When I got to college, I started fresh and I did well, summatively and otherwise. But I didn’t get a whole lot better at failure and not letting it define me. I became an Economics major because I was drawn to the quantitative social sciences, and the way in which girls just didn’t become Econ majors at my small liberal arts college. And yet, as I reached the upper level classes, I never quite let myself struggle and get better. I didn’t believe I could do it, and I was afraid to try. I decided that the subject didn’t come that naturally to me and that I just wasn’t brilliant at it like some of my classmates were. Today, I look back and see that my classmates were working harder at it and so they learned more and thus performed better.
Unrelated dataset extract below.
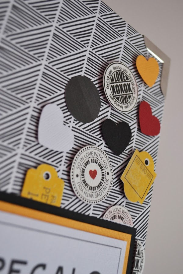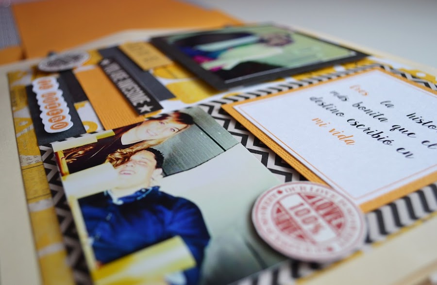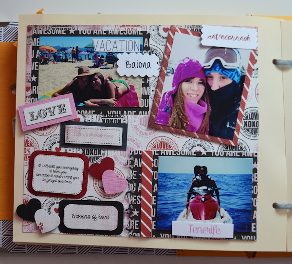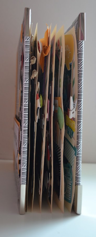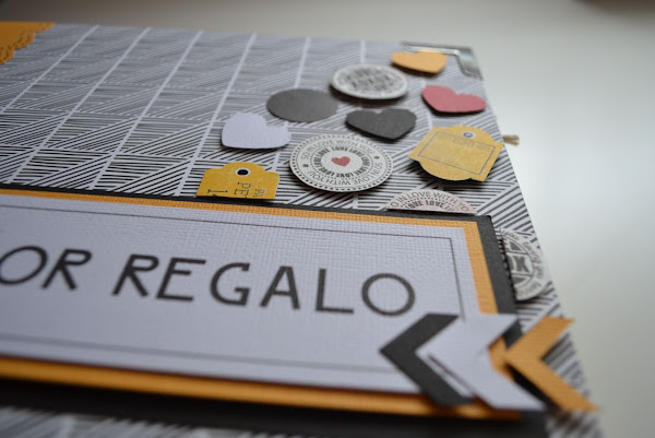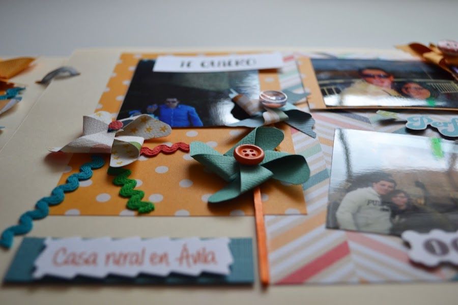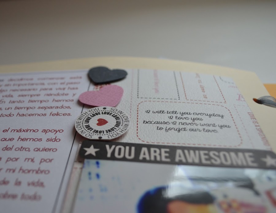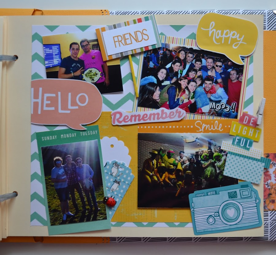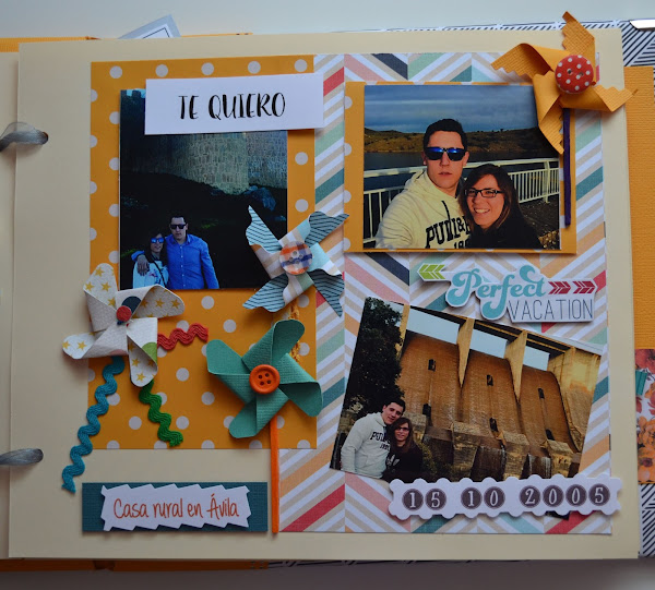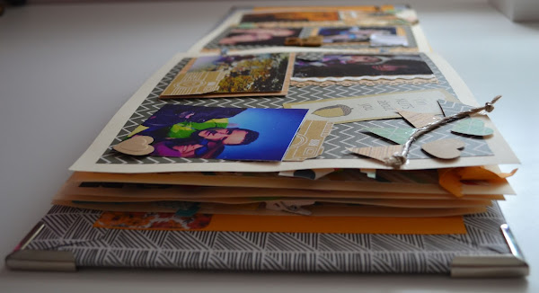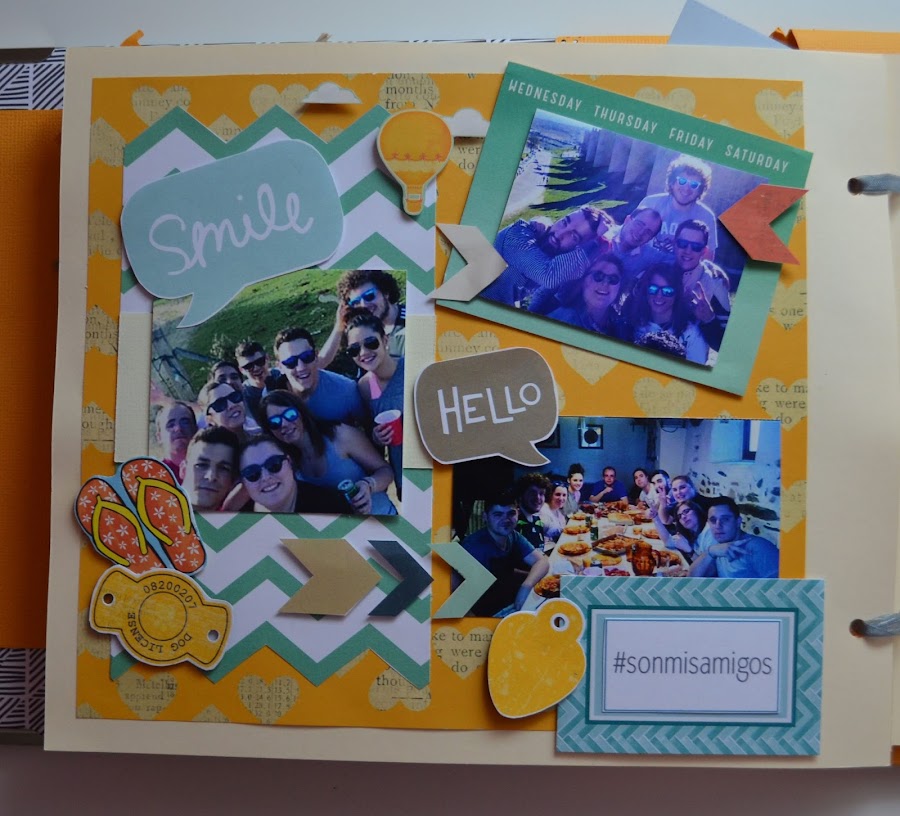 Para decorarle he utilizado papeles estampados de colores, lisos y con texturas muy chulas que han dado un aspecto 10!!! La portada y la caja tienen un estampado en blanco y negro y decoración en amarillo con algún toque en color rojo. Las páginas están sujetas a la portada con unos lazos grises. Para la decoración de las páginas he utilizado colores muy distintos: la primera en amarillo y negro a juego con la portada; las segundas en verde y textura de madera; las siguientes de colores muy divertidos, con muchos molinillos; luego va el turno del negro, rojo y rosa; y por último con los amigos y familia, mucho colorcito de nuevo.

It was only once I reached the real, work world that I truly began to see myself and my successes and failures as complex and malleable. In each new challenge I take on as a post-college adult, I learn to fail every day and feel more and more ok about it. After all, if I weren’t in a position to fail, I wouldn’t be putting myself out there, and I wouldn’t be in a very interesting position at all. Further, I wouldn’t be setting the best example for the students I work with and their own struggles with how they perceive themselves and their abilities.
I see the students I work with and the grit and perseverance and comfort with struggle and failure many of them have developed in order to keep going when so much has gone wrong in their lives thus far. The students who left high school because they had been told, and in turn believed, that they weren’t smart enough or good enough or worth enough. The students who endure jobs where their employers treat them with dignity or respect, and don’t pay them enough to cover their bills or feed their kids. And still, they think enough of themselves and their futures and their potential and their minds to come to school each day and become better. And to think I thought I shouldn’t struggle and overcome myself.
But I keep going and learning, and the students do too. And I hope we can continue to inspire each other to grow our minds and seize our potentials.